Multiple Tuned Liquid Dampers for Efficient and Robust Structural Control

Abstract

In traditional tuned liquid damper (TLD) installations, TLD tank(s) are tuned to a single optimal frequency as determined by well-known dynamic vibration absorber theory. A multiple tuned liquid damper (MTLD) is created when the sloshing frequencies are distributed over a range near the structural frequency. In this paper, an equivalent mechanical model for a structure–MTLD system is developed. A third-order nonlinear multimodal model is employed to assess nonlinear fluid affects and serve as independent model verification. To the authors’ knowledge, this is the first time the nonlinear energy dissipation associated with damping screens and the nonlinear coupling amongst sloshing modes has been considered for MTLD systems.
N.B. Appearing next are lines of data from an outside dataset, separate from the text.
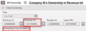 Revenue Interest: To model an override using the Revenue Interest (RI) cell, add the override amount to the existing RI without adjusting the other two values in the equation. To model a burden, subtract the burden amount from the existing RI without adjusting the other two values in the equation. Although the ownership form displays the “Ownership is out of balance” message when this happens, the program will run as expected and the cash flow report will indicate that the correct numbers were calculated.
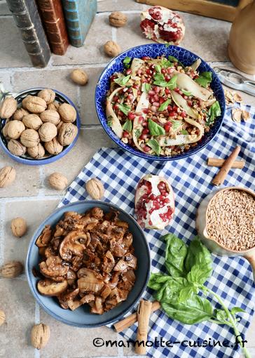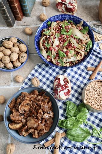 Salade d’épeautre aux endives grillées et à la grenade et Manitaria stifodo, le ragout de champignons au vin rouge (Temps de Carême #2)
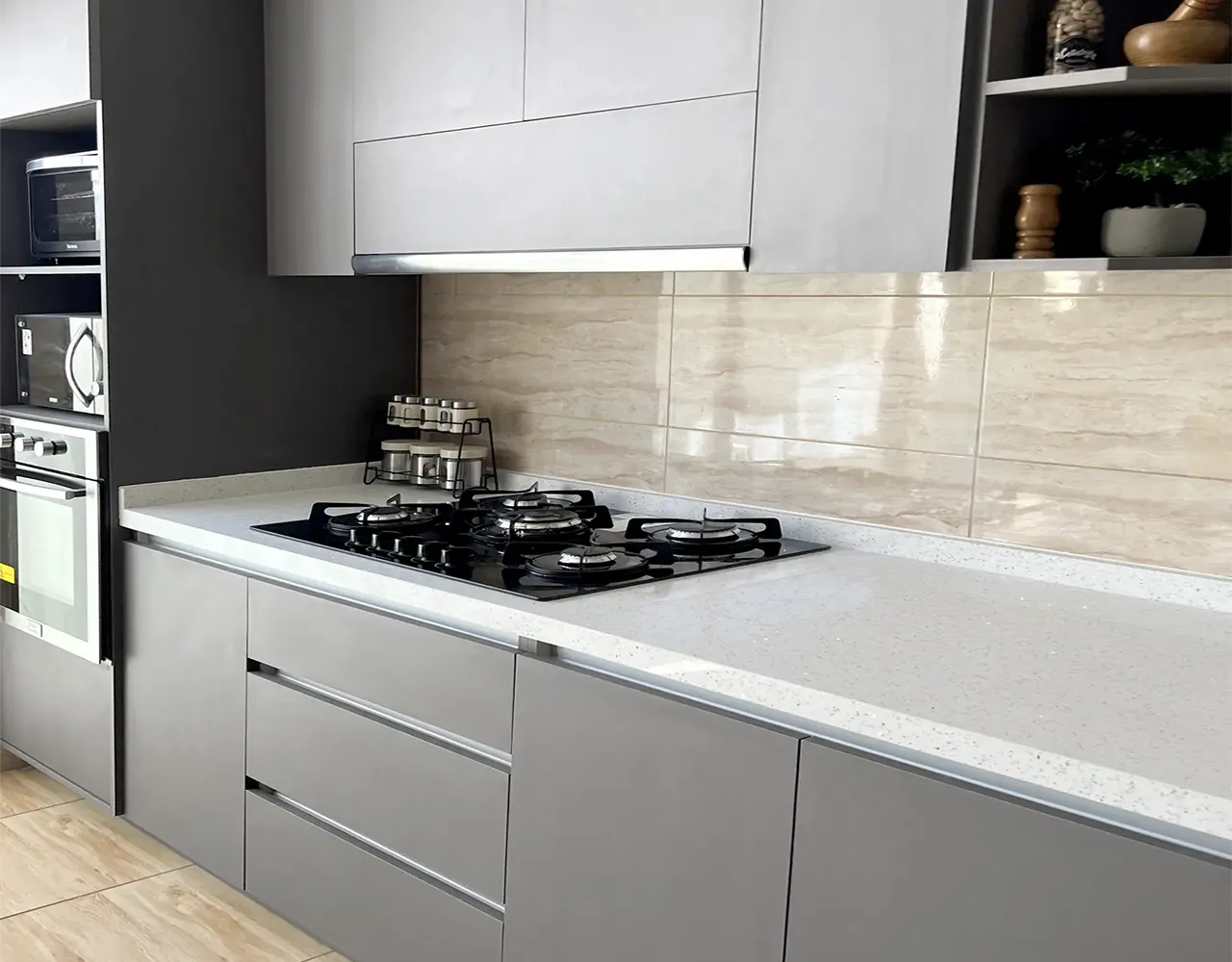 Proyecto de mobiliario a medida en el cual se fabricó una Logia funcional, Muebles de Cocina, Modular TV, Respaldo de Cama y Veladores Iluminados. Un lindo proyecto desarrollado por nuestro equipo de proyectos especiales.
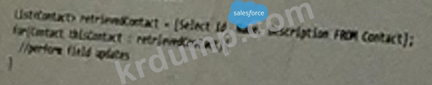 클래스 구현의 일부로 개발자는 연락처 개체를 기반으로 하는 대규모 데이터 서버에 대해 SOQL 쿼리를 실행해야 합니다. 메소드 구현은 다음과 같다.
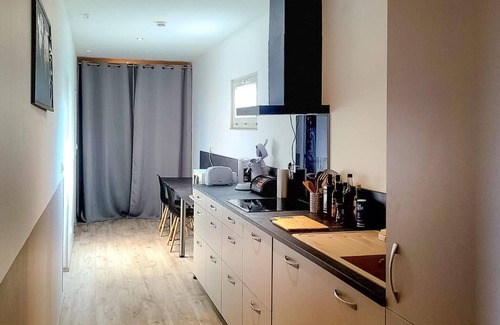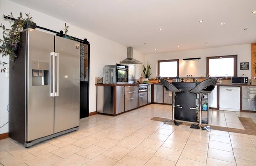 Welcome to the stylish ambience of this modern holiday home, where you can make yourself at home with friends or family in a quiet location. Get cooking together in the open-plan kitchen, gather around the large dining table with a view of the greenery and round off the day with a glass of wine on the comfortable sofa.

MTLD systems consisting of one (traditional TLD), two, and three tanks are used to reduce the resonant response of a single degree of freedom structure. The MTLD provides structural control that is superior to a traditional TLD. The MTLD is less sensitive to the structural excitation amplitude, which enables the device performance to be maintained at low amplitude excitations associated with common wind events. The MTLD is also shown to be more robust to changes to the structure’s natural frequency than the traditional TLD. Since many TLD installations require multiple tanks to satisfy space restrictions, the findings of this paper are highly relevant to structural engineering. This paper shows that by slightly altering the fluid depth of each tank, improved structural control performance can be achieved at little additional cost.